**Dataset content**
########################################
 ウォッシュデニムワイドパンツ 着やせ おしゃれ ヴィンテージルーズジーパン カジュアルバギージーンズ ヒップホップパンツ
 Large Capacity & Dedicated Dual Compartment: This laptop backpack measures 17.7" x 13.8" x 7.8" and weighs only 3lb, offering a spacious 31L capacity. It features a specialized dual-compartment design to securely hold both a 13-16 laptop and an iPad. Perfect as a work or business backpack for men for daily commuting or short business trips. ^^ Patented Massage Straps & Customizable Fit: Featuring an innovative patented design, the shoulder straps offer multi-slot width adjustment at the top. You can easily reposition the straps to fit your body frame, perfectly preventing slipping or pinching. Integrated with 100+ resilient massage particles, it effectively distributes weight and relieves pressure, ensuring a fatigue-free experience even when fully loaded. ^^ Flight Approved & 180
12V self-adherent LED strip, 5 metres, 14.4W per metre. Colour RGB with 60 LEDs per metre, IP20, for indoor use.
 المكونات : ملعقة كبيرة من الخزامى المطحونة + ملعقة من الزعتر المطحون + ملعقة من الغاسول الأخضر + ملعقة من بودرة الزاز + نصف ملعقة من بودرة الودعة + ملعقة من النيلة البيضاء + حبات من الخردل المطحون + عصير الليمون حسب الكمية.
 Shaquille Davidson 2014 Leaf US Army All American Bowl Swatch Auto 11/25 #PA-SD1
########################################
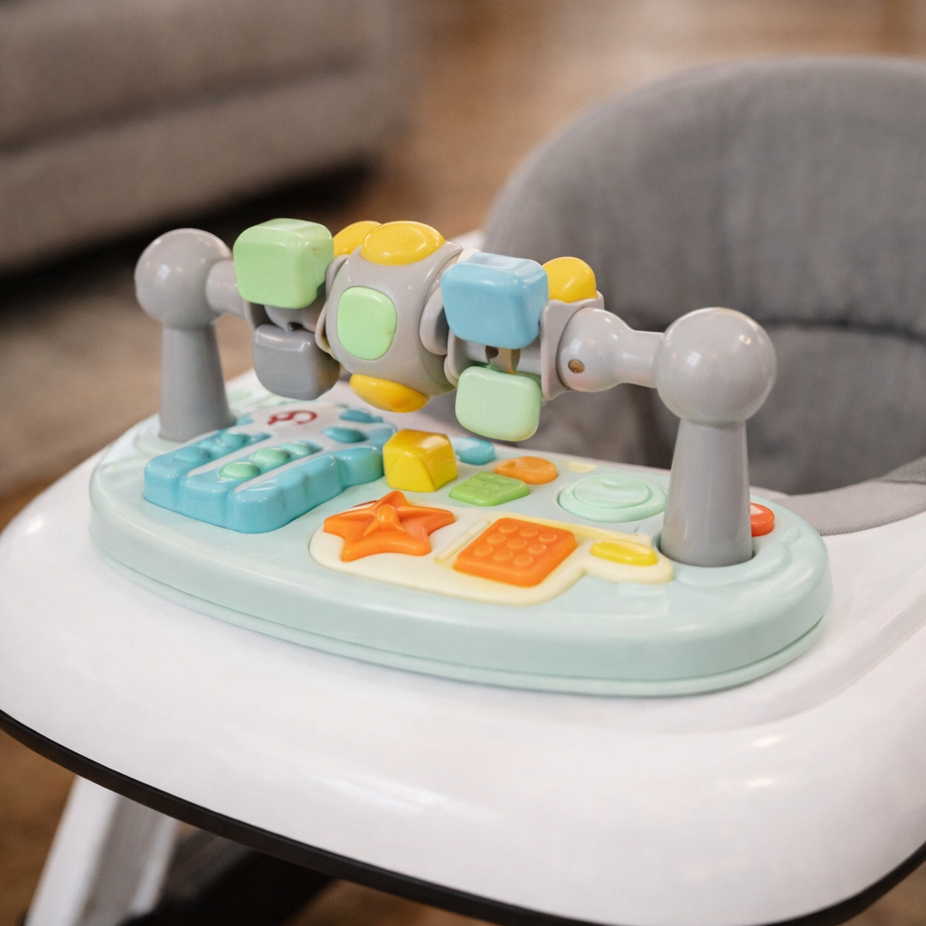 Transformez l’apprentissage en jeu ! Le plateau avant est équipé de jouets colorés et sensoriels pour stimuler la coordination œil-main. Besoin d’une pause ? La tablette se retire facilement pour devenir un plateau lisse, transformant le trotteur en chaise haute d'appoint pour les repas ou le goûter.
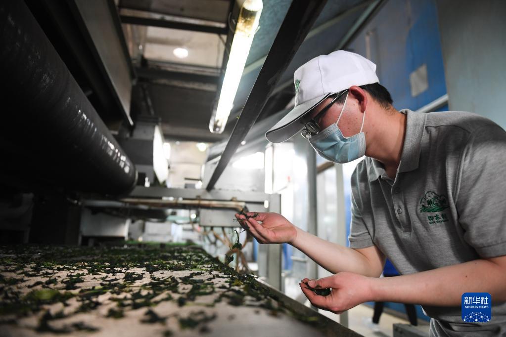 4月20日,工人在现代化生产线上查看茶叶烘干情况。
########################################
**Required action**
Wherever the word "with" shows up in the material, copy the line it is on.

**Written response**
 Large Capacity & Dedicated Dual Compartment: This laptop backpack measures 17.7" x 13.8" x 7.8" and weighs only 3lb, offering a spacious 31L capacity. It features a specialized dual-compartment design to securely hold both a 13-16 laptop and an iPad. Perfect as a work or business backpack for men for daily commuting or short business trips. ^^ Patented Massage Straps & Customizable Fit: Featuring an innovative patented design, the shoulder straps offer multi-slot width adjustment at the top. You can easily reposition the straps to fit your body frame, perfectly preventing slipping or pinching. Integrated with 100+ resilient massage particles, it effectively distributes weight and relieves pressure, ensuring a fatigue-free experience even when fully loaded. ^^ Flight Approved & 180
12V self-adherent LED strip, 5 metres, 14.4W per metre. Colour RGB with 60 LEDs per metre, IP20, for indoor use.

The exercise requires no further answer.